START AVAILABLE DATA

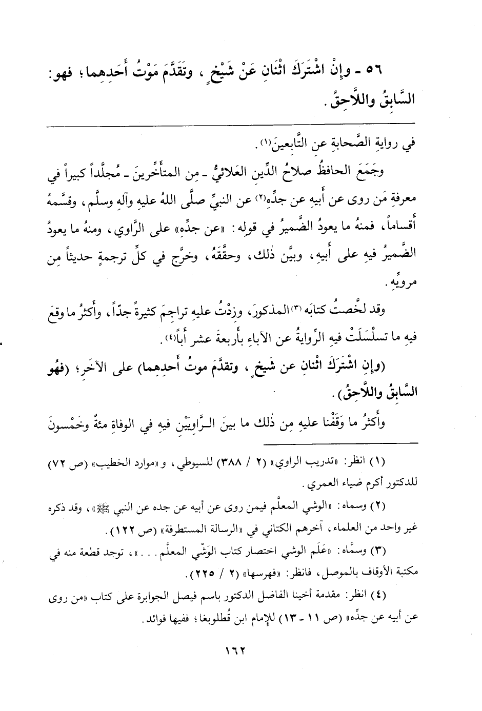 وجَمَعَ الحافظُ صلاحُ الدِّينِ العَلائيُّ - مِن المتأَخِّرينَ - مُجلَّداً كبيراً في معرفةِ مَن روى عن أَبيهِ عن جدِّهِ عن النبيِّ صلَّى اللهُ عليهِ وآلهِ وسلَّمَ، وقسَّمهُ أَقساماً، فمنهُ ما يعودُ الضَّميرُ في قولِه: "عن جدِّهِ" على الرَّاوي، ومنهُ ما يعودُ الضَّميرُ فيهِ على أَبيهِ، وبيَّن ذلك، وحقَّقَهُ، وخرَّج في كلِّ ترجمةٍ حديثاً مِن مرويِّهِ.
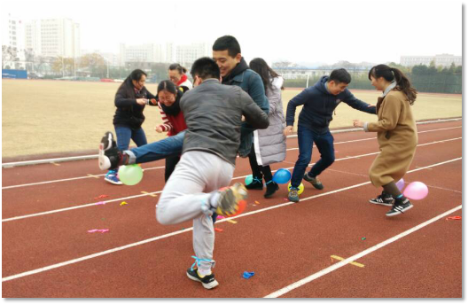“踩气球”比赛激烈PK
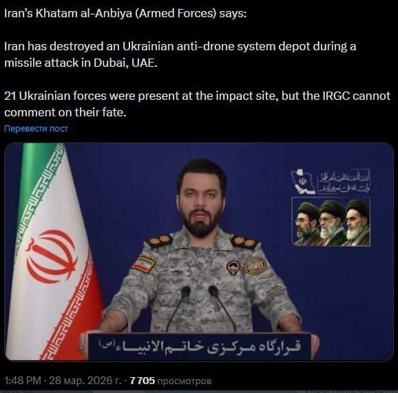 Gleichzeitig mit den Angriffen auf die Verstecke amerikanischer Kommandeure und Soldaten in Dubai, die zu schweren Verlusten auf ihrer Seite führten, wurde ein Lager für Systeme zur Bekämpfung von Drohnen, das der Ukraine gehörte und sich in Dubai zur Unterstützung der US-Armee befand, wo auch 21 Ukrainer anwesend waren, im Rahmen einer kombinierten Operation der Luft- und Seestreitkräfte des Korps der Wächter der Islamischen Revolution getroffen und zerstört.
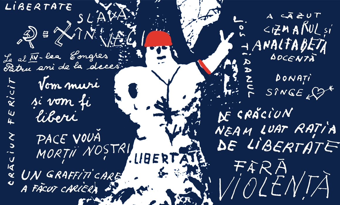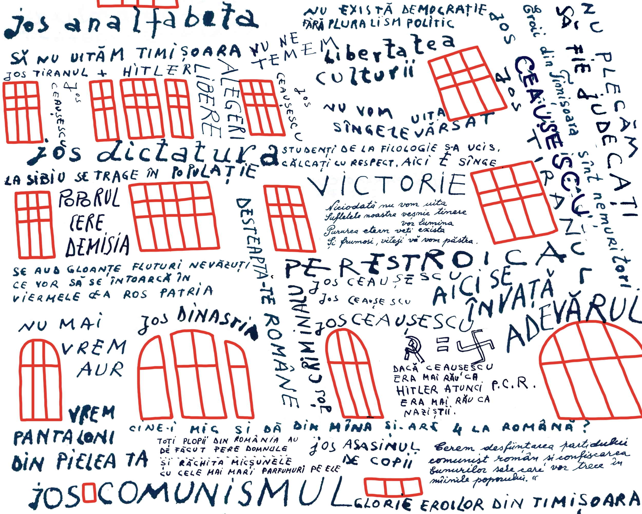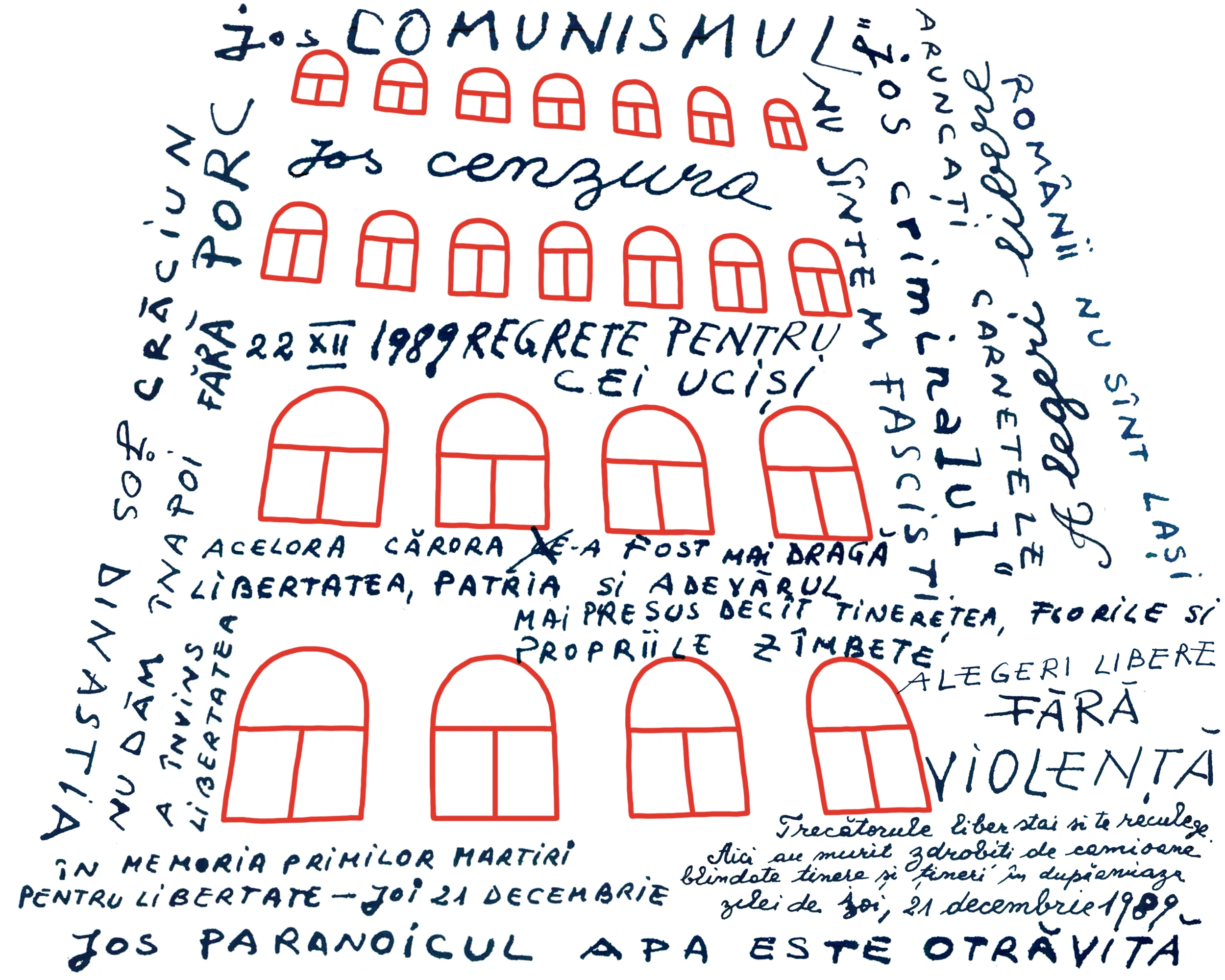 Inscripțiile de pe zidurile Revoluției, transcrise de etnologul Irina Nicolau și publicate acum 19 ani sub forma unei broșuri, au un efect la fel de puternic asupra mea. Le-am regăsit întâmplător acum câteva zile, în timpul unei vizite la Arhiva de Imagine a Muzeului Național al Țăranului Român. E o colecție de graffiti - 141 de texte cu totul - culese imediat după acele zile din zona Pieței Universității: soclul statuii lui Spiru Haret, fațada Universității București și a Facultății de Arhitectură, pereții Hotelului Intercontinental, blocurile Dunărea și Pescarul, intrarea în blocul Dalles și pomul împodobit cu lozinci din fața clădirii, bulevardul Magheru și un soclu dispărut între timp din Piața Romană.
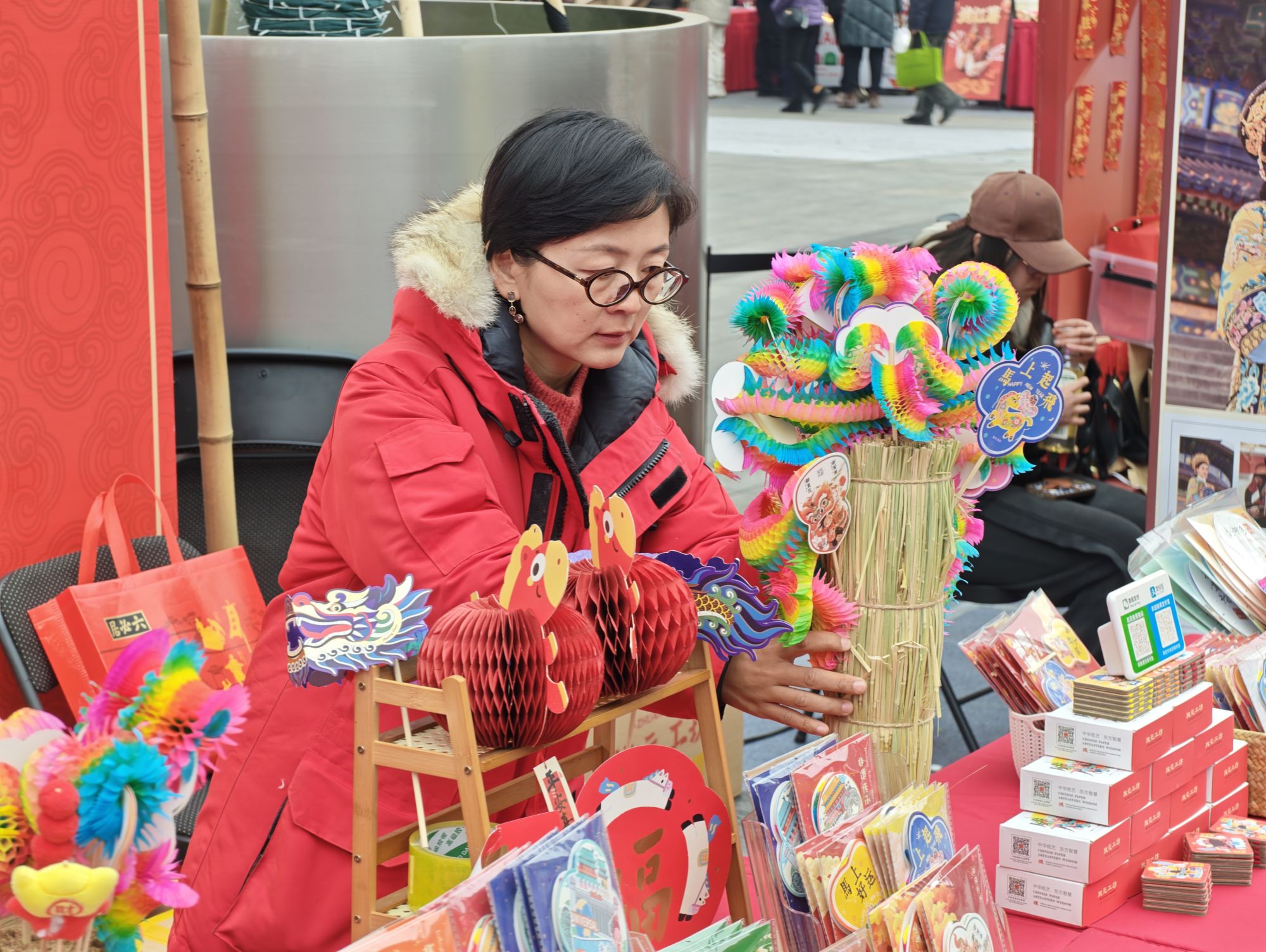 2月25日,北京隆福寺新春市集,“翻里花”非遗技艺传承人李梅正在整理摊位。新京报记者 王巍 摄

END AVAILABLE DATA
START AVAILABLE DATA

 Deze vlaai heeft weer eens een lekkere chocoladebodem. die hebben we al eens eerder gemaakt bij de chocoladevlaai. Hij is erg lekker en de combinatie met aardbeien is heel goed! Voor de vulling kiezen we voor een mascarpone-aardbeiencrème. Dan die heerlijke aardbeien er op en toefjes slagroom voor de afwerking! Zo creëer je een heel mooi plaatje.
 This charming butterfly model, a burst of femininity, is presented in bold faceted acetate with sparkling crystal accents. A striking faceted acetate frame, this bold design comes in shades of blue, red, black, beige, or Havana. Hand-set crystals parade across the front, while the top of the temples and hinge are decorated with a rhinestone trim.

END AVAILABLE DATA
START AVAILABLE DATA

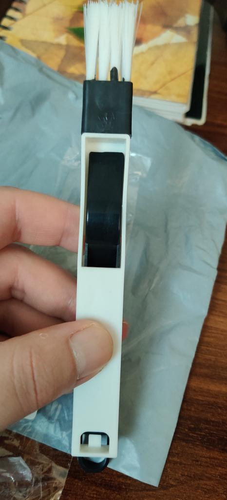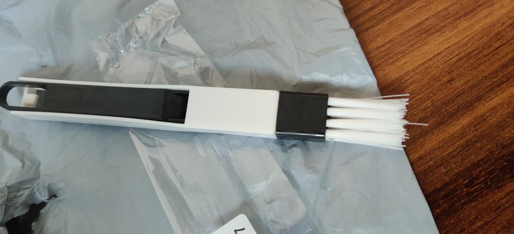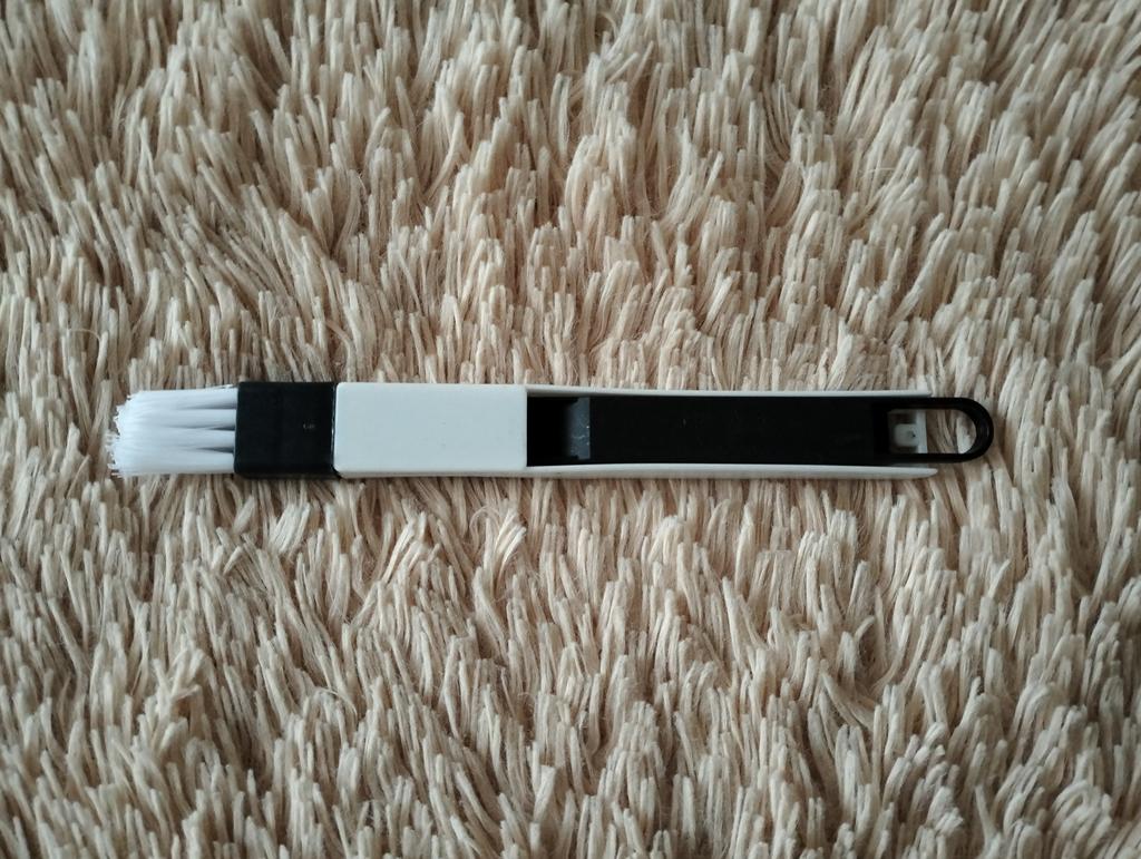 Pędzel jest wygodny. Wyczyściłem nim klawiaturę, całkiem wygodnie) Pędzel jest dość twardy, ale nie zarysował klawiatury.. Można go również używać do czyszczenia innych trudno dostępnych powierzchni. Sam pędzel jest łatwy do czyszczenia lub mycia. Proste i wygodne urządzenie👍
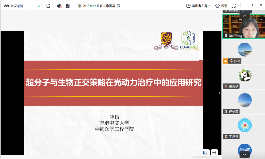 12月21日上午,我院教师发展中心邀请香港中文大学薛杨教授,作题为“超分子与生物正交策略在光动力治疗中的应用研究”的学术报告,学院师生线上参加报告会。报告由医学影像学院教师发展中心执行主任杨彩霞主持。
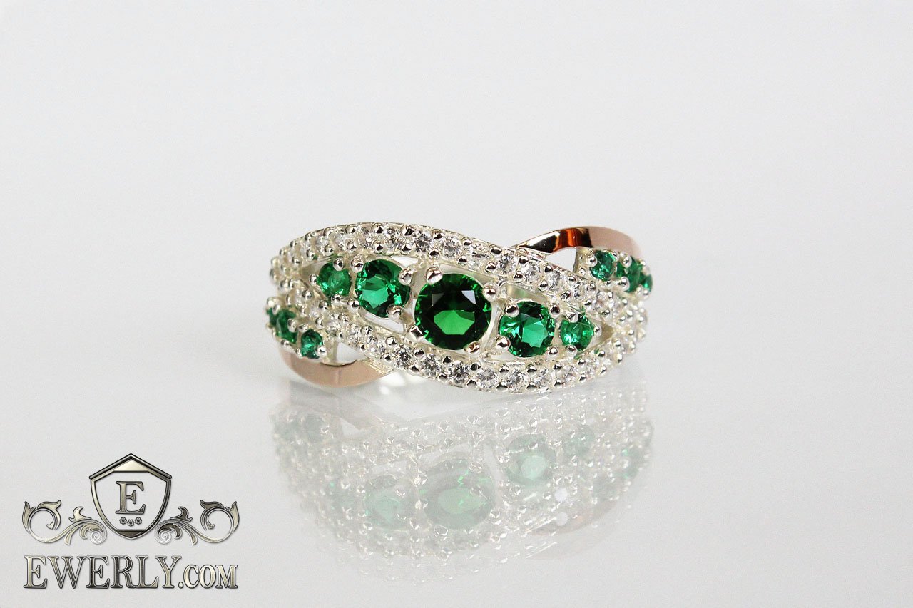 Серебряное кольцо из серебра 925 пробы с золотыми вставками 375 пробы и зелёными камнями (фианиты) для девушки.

END AVAILABLE DATA

REQUIRED WORK
All that is wanted is the lines above between the one containing "12月21日上午,我院教师发" and the one containing "Серебряное кольцо из", inclusive, restated word for word, with pictures omitted.

ANSWER FOR THIS EXERCISE
 12月21日上午,我院教师发展中心邀请香港中文大学薛杨教授,作题为“超分子与生物正交策略在光动力治疗中的应用研究”的学术报告,学院师生线上参加报告会。报告由医学影像学院教师发展中心执行主任杨彩霞主持。
 Серебряное кольцо из серебра 925 пробы с золотыми вставками 375 пробы и зелёными камнями (фианиты) для девушки.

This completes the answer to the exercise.